Some people think that if you believe in science and not some diety-driven religion that you lack spirituality. I say that being spiritual and being religious are not the same thing. I've known some very religious people who don't appear to have a spiritual bone in their body. Alternatively, I've known some very spiritual people who won't have a bar of religion.

The thing I like about science is that is has the ability to change its mind. If a theory is proven wrong, it is proven wrong. Science is often critical of itself and challenges itself. What religion does that? I also like that science says, "I don't know but I'd like to find out." Science doesn't claim to have all the answers. Science sets out to answer those mysteries that are as yet unexplained, it doesn't lay the blame or the praise for the mystery on something even more mysterious.

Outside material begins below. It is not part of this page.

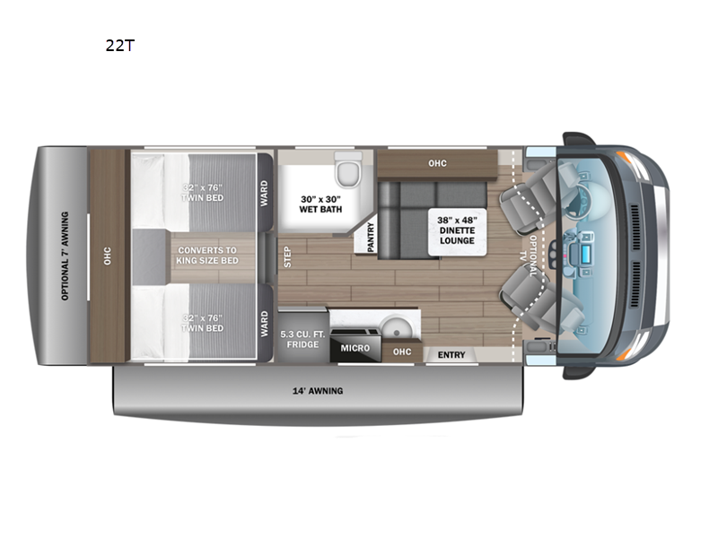 | Wheelbase | 156 in | Available Beds | Twin Bed with King Conversion |

The thing I like best is that science doesn't even say it knows how the world began. It has a theory but it's just that, a theory, it might be wrong. I like the idea of the Big Bang Theory but really, it's a bit like believing in God and I'll tell you why: my first question to a scripture teacher was, "if God made everything, who made God?" I have the same question about the Big Bang Theory: where did the stuff which created the Big Bang come from? The only solice I have that science is where my heart lies is in the answers I got to each question. From my scripture teacher, on being confronted by this question from a 7 year old, I got, "He just is." From science, being constantly confronted by this question, I get, "No-one knows."

I want my son to have the same curiosity that I have. I want him to question things and not accept things blindly. I want him to be open to all the possibilities and not closed minded. Most of all, I want him to know that no matter what his choice of belief, I will always love him ... unless it's scientology.